When I was in my faith, an oft-promised prophecy was delivered to my congregation; the words of Jesus. He said that to be a follower of Christ meant a life of oppression, of being hated, despised and persecuted. I will acknowledge that in many parts of the world and throughout history, that prophecy has certainly been true for some. I find it a great irony however, that in this modern age and in this society, I didn’t experience those words as true until I lived as a gay man. It’s an irony made cruel by the fact that such hatred is now a byproduct of ‘faith’ and often at the hands of those claiming Jesus’ prophecy for themselves. This is why coming out is hard. This is why being gay is hard. Not because it is in itself anything - it’s simply giving oneself the right to be and exist. It’s because other people, in the certainty of their unexamined reality, need it to be a struggle. It’s an easy fight because their lives aren’t the ones on the line.

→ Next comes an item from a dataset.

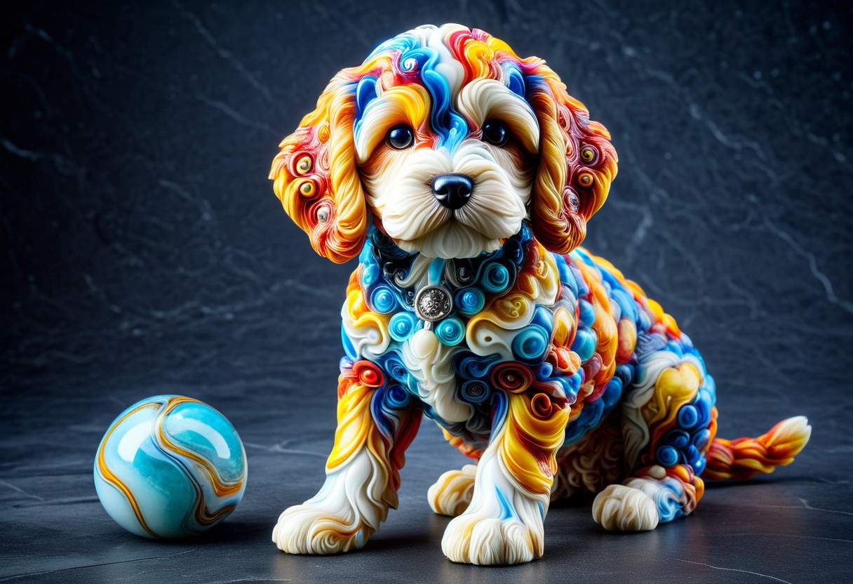 Cavapoo puppy, futuristic, detailed, made of marble, colourful

Of all of these three essays, this one has been the hardest to write, because the seed of bitterness is something that I have to prune back continuously. I experience what I can only describe as a divine rage against the easiness of hate, the convenience of ignorant faith, and the smug self-assuredness of closed cultural echo chambers. My words may be easily disregarded as “just another one of those angry gays” who hate faith and Jesus and good ole American values. I hope they won’t be; because in the words of Tolstoy, “There is more faith in honest doubt… than in all the creeds.” I have a more lively faith today than I ever did, doubts and all. I understand the radical love that Jesus talked about, even if I mistrust the historical manipulation of his words; I’ve seen them brought to life in the queer and hetero family that have filled the gaps of all I’ve lost. And I have deep respect and appreciation for the society that allows me (for now) to raise my voice in dissent of its erroneous movements while still enjoying its privileges. I hope that in reading this far, dear reader, that you feel my gratitude for staying with me to take in these words. And I hope that they can be a doorway to greater understanding and empathy for those who’ve read them.